# [Task statement]
The answer should be every line below, repeated exactly, with the images left out.

# [Dataset excerpt]
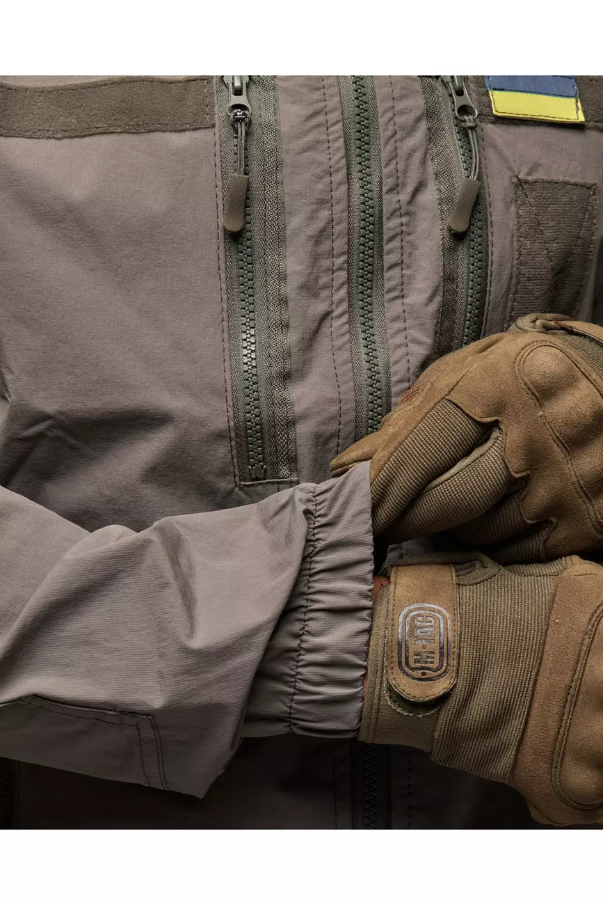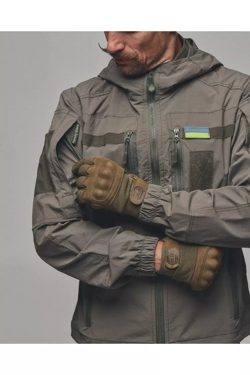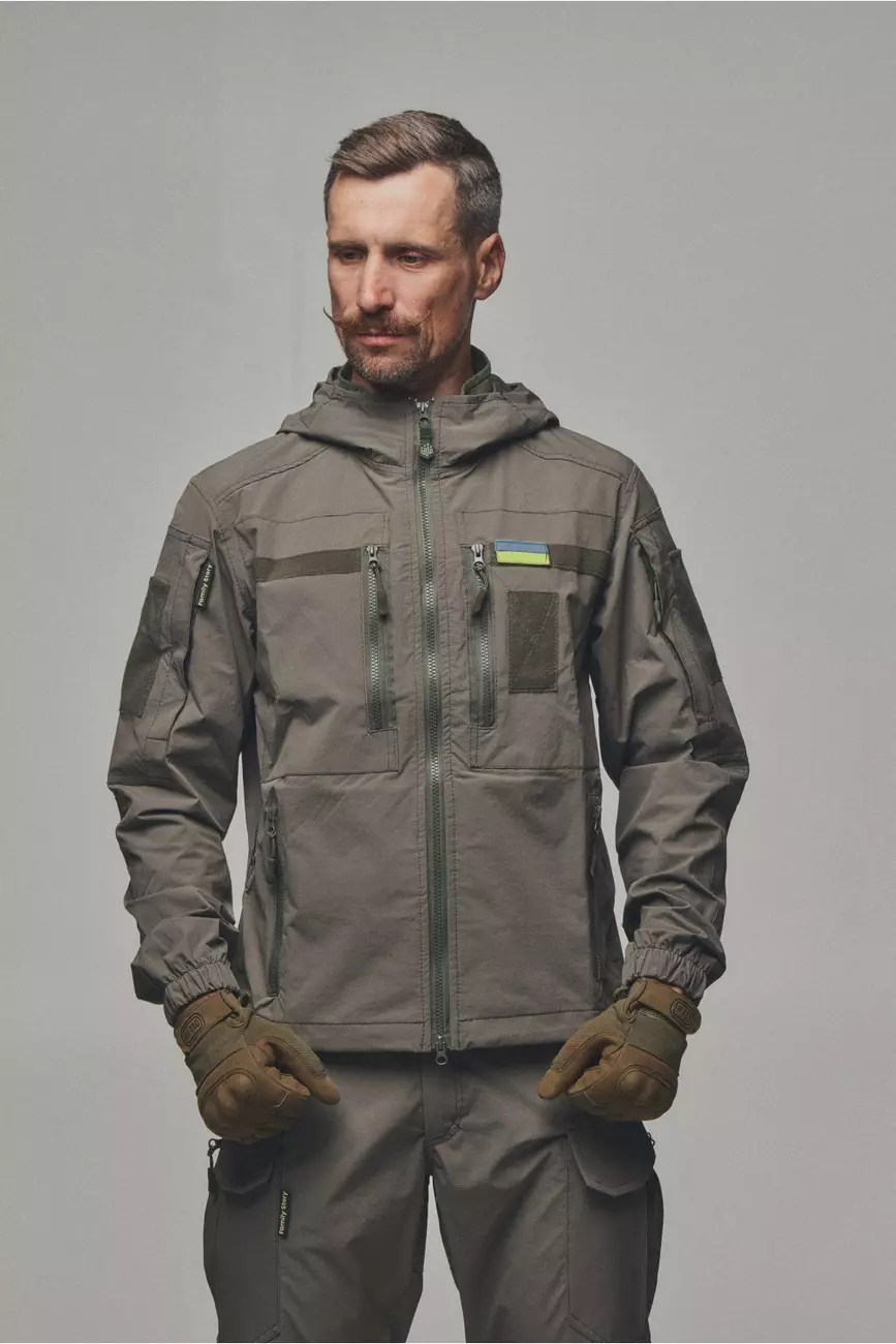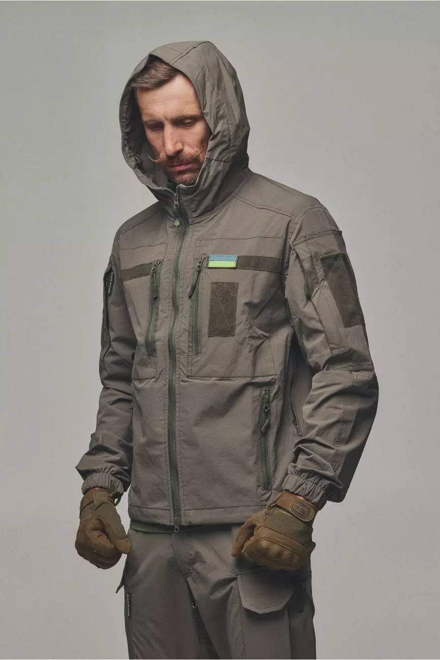 Куртка яка розтягується та не сковує рухи, не пропускає вологу та одночасно дихає. Куртка має 6 кишень, капюшон, шеврони, на манжеті гумка для щільного прилягання та провітрювані кишені з сіткою під пахвами якщо треба знизити температуру після навантаження. Якісна фурнітура та тканина рівня ТОП робить цей виріб унікальним при використані та майже не має аналогів!
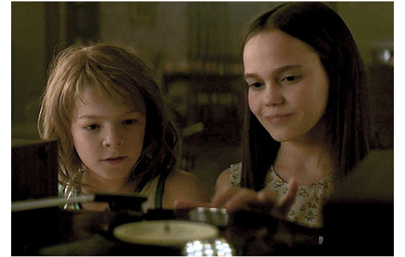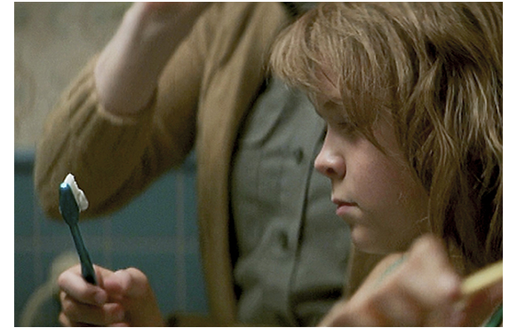 一方、ナタリーは、ピートにレコードをかけて見せている。ピートは回転するレコード盤に触れ、音の調子が変わるのを不思議そうに見ている(1枚目の写真)。その後で、飾ってある写真をピートに見せる。「これが私で、これがパパ。こっちがパパの弟で、これがグレース。家族よ」。なぜ母の写真がないのか? なぜ恋人なのにグレースの写真があり、「家族」なのか? 最初にこの映画をざっと観た時、私はジャックとグレースは夫婦だと思った。しかし、解説を見ると、ジャックとグレースは恋人で、後になって結婚し、ピートを養子にする、と書いてある。どこか変だ。次が、歯磨きのシーン。グレースとナタリーに挟まれ、ピートが困ったように歯ブラシを持っている(2枚目の写真)。ジャックは、居間で、自分の宝物と同じ絵本を見つけ、さっそく開いてみる。そこに近付いてきたグレースが、子犬を指して「これが、エリオットなの?」と訊く。首を振るピート。「エリオットは人間?」。「ううん」。「じゃあ、何なの?」。ここで、保安官からグレースに電話が入る。ピートの両親の事故の新聞記事を見つけたので、明朝、福祉局の人間が引き取りに来るという内容だ。
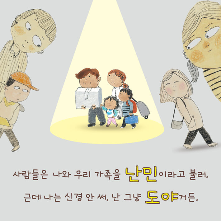 안선모 글/심윤정 그림 | 청어람주니어 | 2020년 10월 30일 카드뉴스로 보는 책 책소개 2020 경기도 우수출판물 제작지원 선정작 1위 작품 “난민도 싫고 정착민도 싫어. 난 그냥 도야야!” 도야의 좌충우돌 한국 적응기 새봄초등학교 2학년 2반 김도영은 난민입니다. 한국 이름은 김도영이지만, 진짜 이름인 도야를 더 좋아하지요. 도야는 1년 전 엄마, 아빠, 오빠 에티카랑 함께 한국으로 왔습니다. 사람들은 도야네 가족을 보고 난민이라고 대놓고 손가락질도 했습니다. 도야는 사람들에게 이렇게 말합니다. “난민도 싫고 정착민도 싫어. 난 그냥 도야야!” 꼬마 난민 도야의 일상을 생생하게 담은 저학년 동화입니다. 낯선 나라 한국에 익숙하지 않아 서툰 면모도 있지만 주눅 들지 않는 도야의 당당한 모습이 돋보이는 작품입니다. 목차 나, 김도영 아니거든! 꼬마 난민 점심시간 받아쓰기 대박 사건 탬버린 모자 알쏭달쏭 안내장 처음 간 영화관 사라진 도야 떡국과 몽로예보 상세 이미지 저자 소개 (2명) |
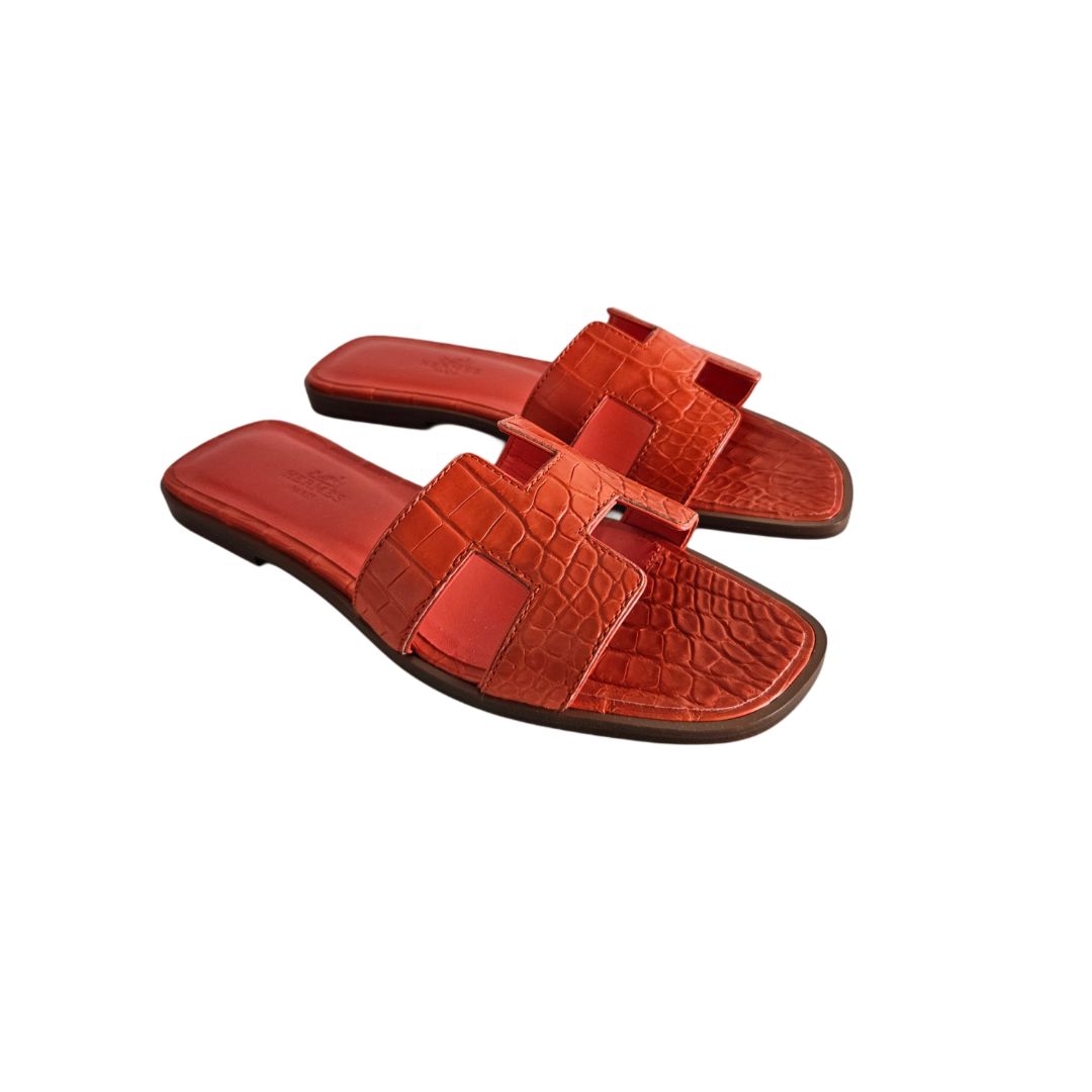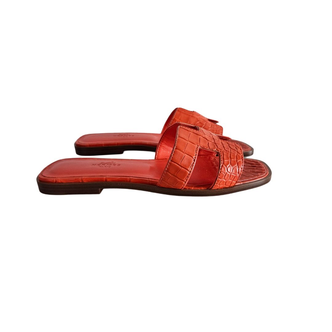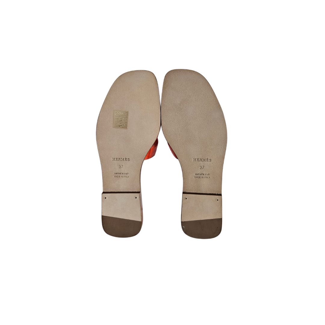 Hermes Orange Croc Leather Oran Sandal, Size 37

# [Response box]
 Куртка яка розтягується та не сковує рухи, не пропускає вологу та одночасно дихає. Куртка має 6 кишень, капюшон, шеврони, на манжеті гумка для щільного прилягання та провітрювані кишені з сіткою під пахвами якщо треба знизити температуру після навантаження. Якісна фурнітура та тканина рівня ТОП робить цей виріб унікальним при використані та майже не має аналогів!
 一方、ナタリーは、ピートにレコードをかけて見せている。ピートは回転するレコード盤に触れ、音の調子が変わるのを不思議そうに見ている(1枚目の写真)。その後で、飾ってある写真をピートに見せる。「これが私で、これがパパ。こっちがパパの弟で、これがグレース。家族よ」。なぜ母の写真がないのか? なぜ恋人なのにグレースの写真があり、「家族」なのか? 最初にこの映画をざっと観た時、私はジャックとグレースは夫婦だと思った。しかし、解説を見ると、ジャックとグレースは恋人で、後になって結婚し、ピートを養子にする、と書いてある。どこか変だ。次が、歯磨きのシーン。グレースとナタリーに挟まれ、ピートが困ったように歯ブラシを持っている(2枚目の写真)。ジャックは、居間で、自分の宝物と同じ絵本を見つけ、さっそく開いてみる。そこに近付いてきたグレースが、子犬を指して「これが、エリオットなの?」と訊く。首を振るピート。「エリオットは人間?」。「ううん」。「じゃあ、何なの?」。ここで、保安官からグレースに電話が入る。ピートの両親の事故の新聞記事を見つけたので、明朝、福祉局の人間が引き取りに来るという内容だ。
 안선모 글/심윤정 그림 | 청어람주니어 | 2020년 10월 30일 카드뉴스로 보는 책 책소개 2020 경기도 우수출판물 제작지원 선정작 1위 작품 “난민도 싫고 정착민도 싫어. 난 그냥 도야야!” 도야의 좌충우돌 한국 적응기 새봄초등학교 2학년 2반 김도영은 난민입니다. 한국 이름은 김도영이지만, 진짜 이름인 도야를 더 좋아하지요. 도야는 1년 전 엄마, 아빠, 오빠 에티카랑 함께 한국으로 왔습니다. 사람들은 도야네 가족을 보고 난민이라고 대놓고 손가락질도 했습니다. 도야는 사람들에게 이렇게 말합니다. “난민도 싫고 정착민도 싫어. 난 그냥 도야야!” 꼬마 난민 도야의 일상을 생생하게 담은 저학년 동화입니다. 낯선 나라 한국에 익숙하지 않아 서툰 면모도 있지만 주눅 들지 않는 도야의 당당한 모습이 돋보이는 작품입니다. 목차 나, 김도영 아니거든! 꼬마 난민 점심시간 받아쓰기 대박 사건 탬버린 모자 알쏭달쏭 안내장 처음 간 영화관 사라진 도야 떡국과 몽로예보 상세 이미지 저자 소개 (2명) |
 Hermes Orange Croc Leather Oran Sandal, Size 37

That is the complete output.